- _YOUR ASSIGNMENT_
Give back the lines below exactly, but do not include any pictures.

- _RECORDED INFORMATION_
════════

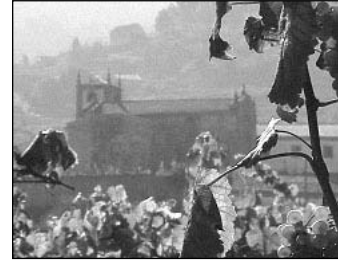
Quinta do Dorado
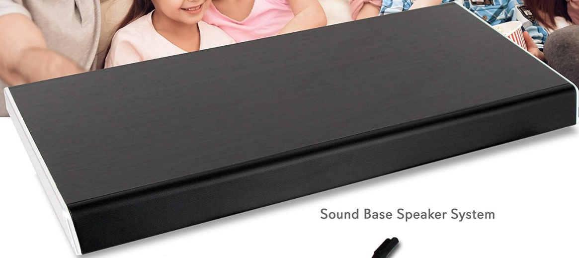
Sound Base Speaker System
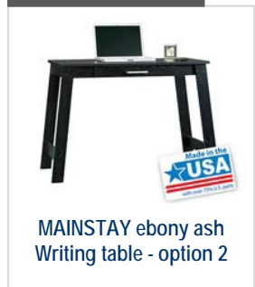
MAINSTAY ebony ash Writing table - option 2

════════

- _THE ANSWER_
Quinta do Dorado
Sound Base Speaker System
MAINSTAY ebony ash Writing table - option 2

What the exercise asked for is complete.